[Opening Information given section]
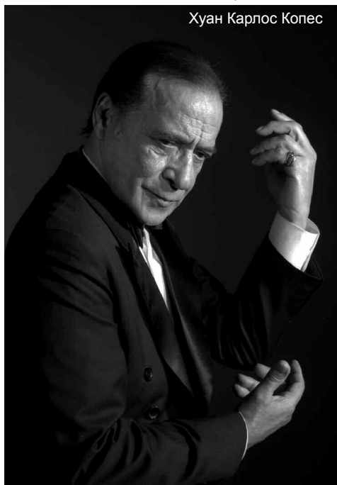
Хуан Карлос Копес

могла ограничиваться только теми арабесками танца в паре, что были общеизвестны, хоть и удивительны. В своем усердии открытия нового опыта в танго я работал с хореографами в попытке пойти дальше.
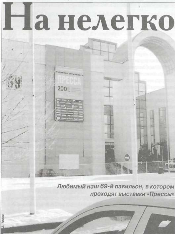
Любимый наш 69-й павильон, в котором проходят выставки «Прессы»

Фестиваль - это общероссийское целевое собрание, утрированно - большая профессиональная тусовка, на которой отмечаются успехи и достижения конкретного редакционного коллектива, происходит обмен опытом, обсуждаются приемы и методы улучшения работы, завоевания читательских сердец.
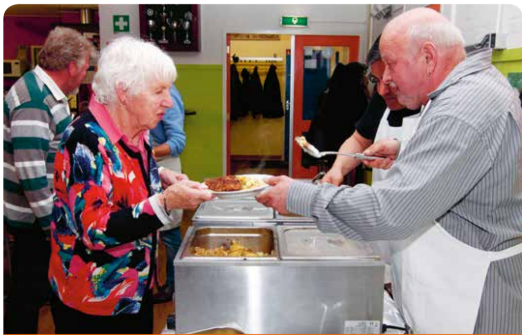
Iedere maandag koken vrijwilligers een driegangendiner voor buurtbewoners

Iedere maandag eten buurtbewoners met elkaar bij WSV de IJssel. De uitgangspunten? Vers en gezond. En verder is het vooral een heel gezellig eetgebeuren.
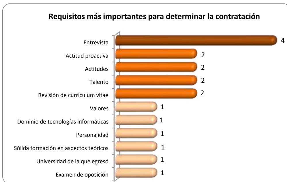
Gráfica 2.2 Requisitos más importantes para determinar la contratación

Otros requisitos importantes que requieren para determinar la contratación de los egresados se muestran en la gráfica 2.2, la entrevista es el aspecto más representativo en 4 casos.
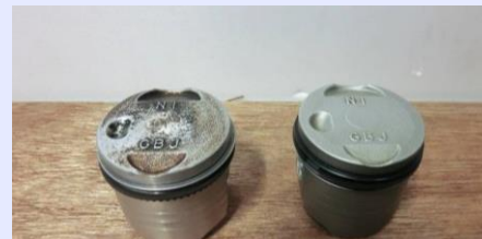
エンジンピストンの 焼き付き
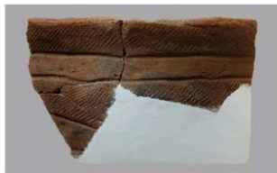
4 H-7出土土器 (第278图33)
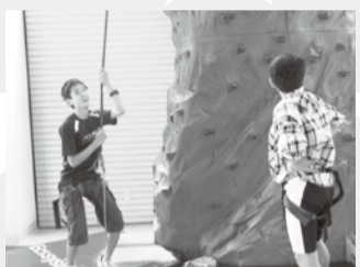
僕は、この海外派遣で、日本では経験できない沢山のことを学ぶことができました。この貴重な経験を、今後活かしていきたいと思っています。この機会を与えてくださったすべての方に感謝します。

また、僕が好きな図書館がいくつもあって、聞くところによると本の数も8万冊ほどあり、大学とは思えないほどでした。JICAは迷子になるくらい広くて校内全部を見ることができず残念でしたが、いつか、このような大学で勉強してみたいと思いました。
[Closing Information given section]
_About this exercise_
Provide an exact copy of only the lines from the beginning of the entries through the line containing "Iedere maandag koken", both ends included, with no pictures.

_Problem solution_
Хуан Карлос Копес

могла ограничиваться только теми арабесками танца в паре, что были общеизвестны, хоть и удивительны. В своем усердии открытия нового опыта в танго я работал с хореографами в попытке пойти дальше.
Любимый наш 69-й павильон, в котором проходят выставки «Прессы»

Фестиваль - это общероссийское целевое собрание, утрированно - большая профессиональная тусовка, на которой отмечаются успехи и достижения конкретного редакционного коллектива, происходит обмен опытом, обсуждаются приемы и методы улучшения работы, завоевания читательских сердец.
Iedere maandag koken vrijwilligers een driegangendiner voor buurtbewoners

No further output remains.